I doubt I’ll ever see her again.
But on a completely unrelated note and minus the drama and fanfare that goes with a best friend break-up, I find myself giggling with glee these days when my baby tries to speak—it’s this wonderful gibberish-- EXACTLY like the backwards talking midget from Twin Peaks. It’s uncanny. (Weirder still, apparently this is a cult phemonenon—my friend Emily reported that back when her son Quinn was B’s age, he too, was—and I quote her-- “the backwards talking midget from Twin Peaks.” She said this way back when I didn’t know her, so I didn’t steal her simile, swear to God. I had no idea Twin Peaks was so much a part of our vernacular—someone should study this.) Plus, with little B, there is all this tongue thrusting going on. It shoots out suddenly, like an unruly gopher popping up and out from his hole. B seems powerless to stop it, so instead he’s laughing more too at the strange sounds he’s able to create. Meanwhile, he does know some words. “Outside” is big right now. “Yogrrr” also popular at snack time. And he is, of course, my son—sometimes when I’m putting on music in the morning I’ll say “How about some Madonna?” and he’ll reply “adonna. Yes.”His yeses are very crisp, with excellent enunciation.

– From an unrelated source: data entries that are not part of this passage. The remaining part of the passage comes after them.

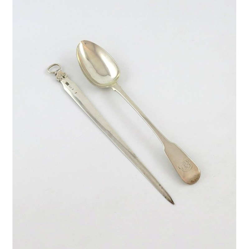tapering form, with a shell mounted ring handle, plus a George IV silver Fiddle pattern basting spoon, by George Piercy, London 1824, the terminal with a monogram, approx. total weight 6.5oz. (2)
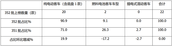 在第352批公告中,按技术路线划分,纯电动客车(含底盘2款)上榜车型20款,占比90.9%,占据绝对的主导地位,且占比环比增加19.9个百分点,是占比环比增加最多的车型;说明纯电动的主体地位在进一步增强;
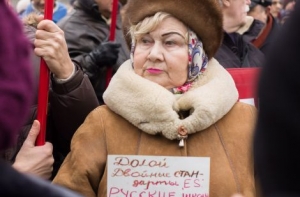 Участники протеста скандировали лозунги «Позор!» и «Руки прочь от русских школ!», и держали в руках плакаты с надписями «Страуюма, оставь детей в покое», «Stop discrimination», «Долой языковой террор» и прочими.
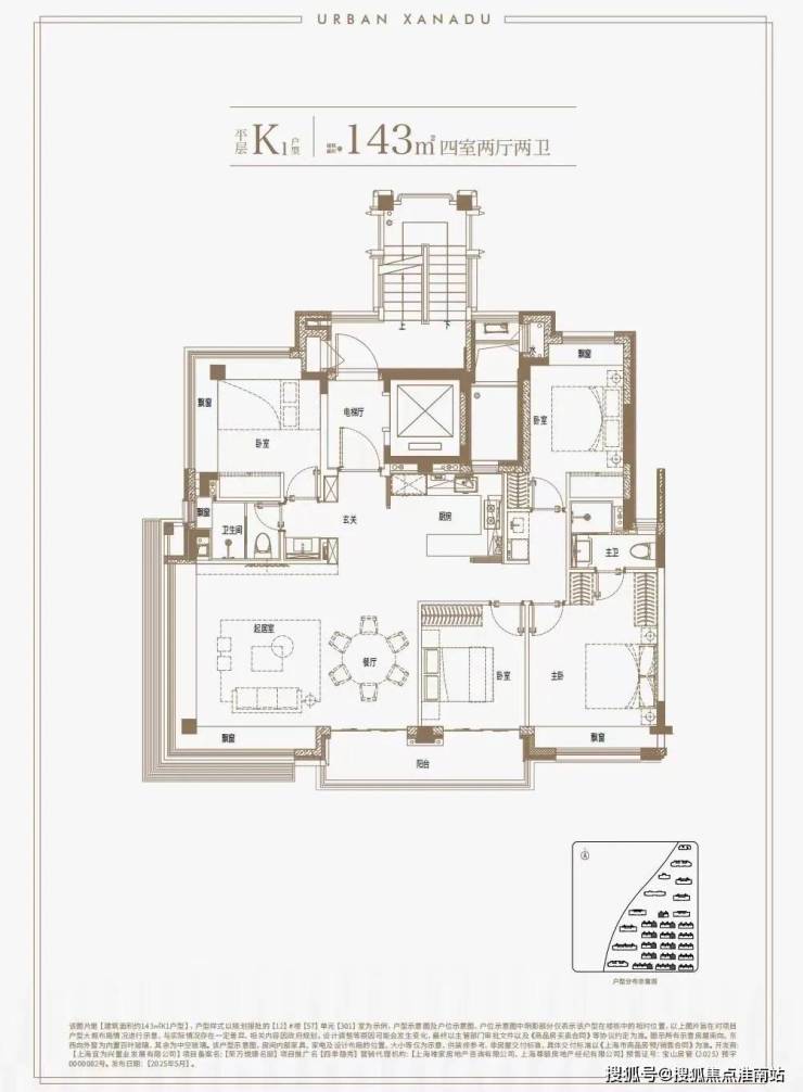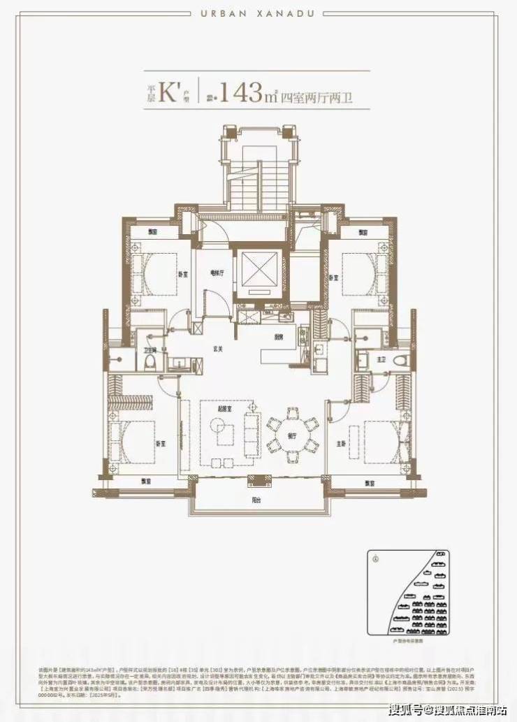 建面约142㎡下叠户型,一层是会客区,客餐厅大横厅设计,将生活的奢度打开!
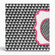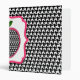 Un classeur avec une conception noire de pied-de-poule sur l'avant, le dos, et l'épine. Parties roses surdimensionnées de couvertures de cadre de parenthèse d'avant, de dos, et d'épine. Pomme de pied-de-poule à l'intérieur de cadre.
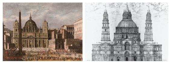 贝尔尼尼承接了圣彼得大教堂的又一项工程——在正门两侧构筑一对钟楼。他曾经为罗马万神庙加盖过两个钟楼,由于其修长的外形打破了万神庙古典庄重的整体造型,被人们讽刺为“驴耳朵”(1852年对万神庙进行修缮时,这一对扎眼的钟楼被彻底拆除了)。而这一次,贝尔尼尼竟然要把“驴耳朵”添加在天主教的至圣之地圣彼得大教堂之上!
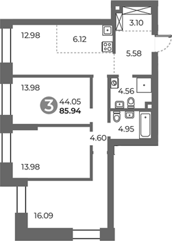 Площадь от 85.91 м2
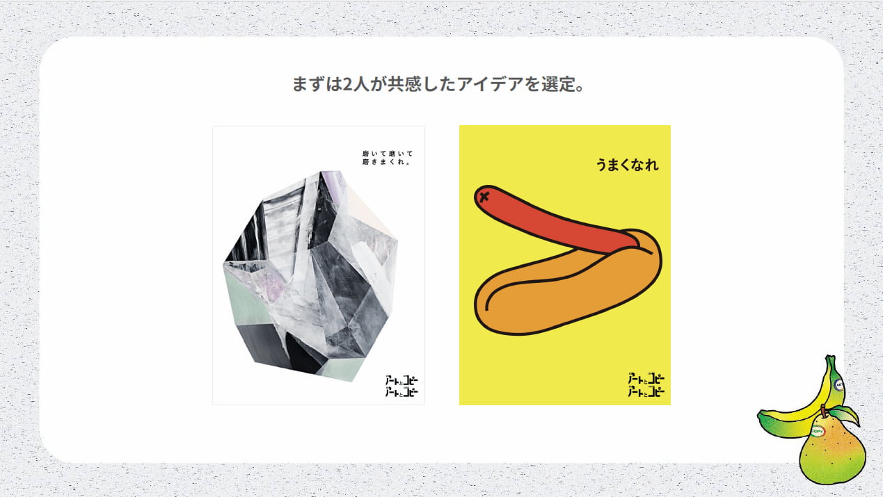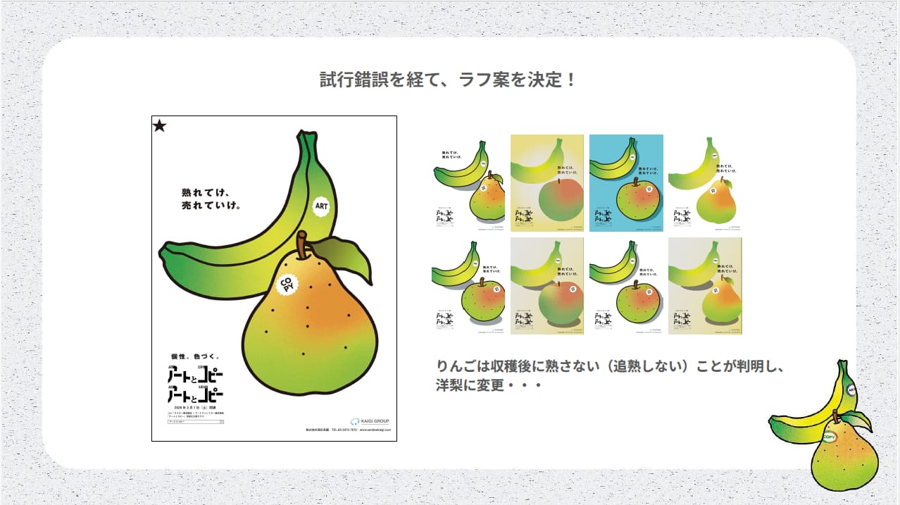 だけど、アートとコピーではコピーの見せ方に関しても議論していきます。そこで、私自身にもイメージやアイデアがないと、話が膨らんでいかないことを実感しました。どちらの良さもあると思うので、都度検証していきたいです。
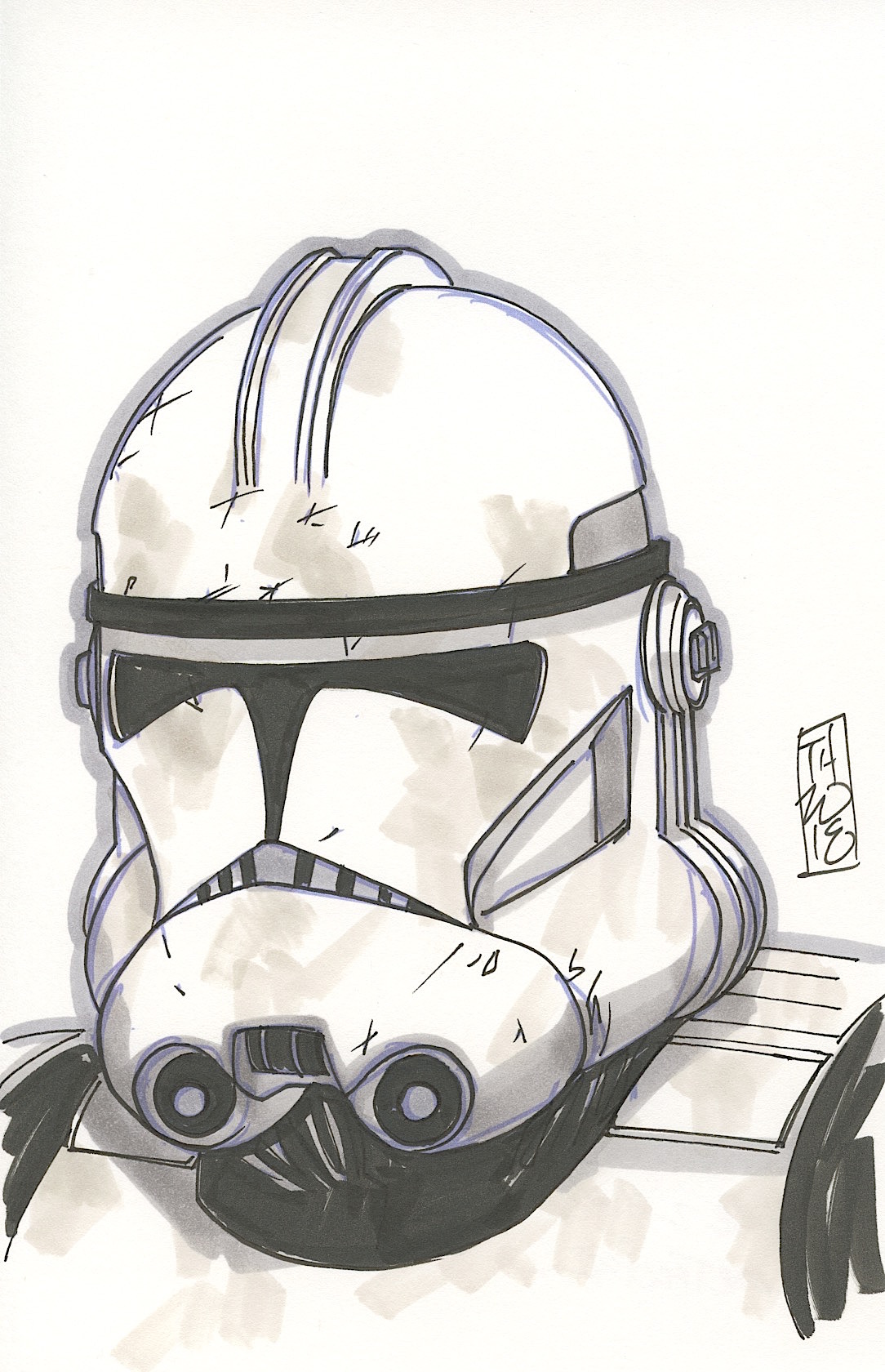 Tom Hodges - Phase II Clonetrooper "Star Wars" Signed ORIGINAL 5.5" x 8.5" Color Drawing on Paper (1/1)

Yesterday morning he said “shit.” Well, almost shit. More like “sht”with the vowel left out but with the proper intonation, the correct inflection. This happened moments after I said the real shit while he flailed about on the changing table, his poop falling in clumps from the diaper onto the cover and my arms as I struggled to hold his legs down. “Shit” was bound to be an early word for him. My husband has a bad habit of saying the word and then quickly tacking on “poopie” in a misguided move to correct himself. So late afternoon, he and baby B will be enjoying peanut butter sandwiches while watching SpongeBob and B will lunge forward grabbing hold of my husband’s head (he’s fucking quick), leaving the gook on his ears and forehead. “Shit” the cry will go out and I will throw my husband a stern look that says be a good role model, you fucker. “Shit, poopie,” my husband will say sheepishly. So now B not only knows “shit,” he can define it. But it’s mainly my husband’s fault.
Kathy Griffin is coming on and I’m settling in for a fabulous night of TV. My husband is making me one of his signature vanilla milkshakes. The evening’s mood is festive, celebratory. We’re toasting “shit” and the beautiful demise of a friendship.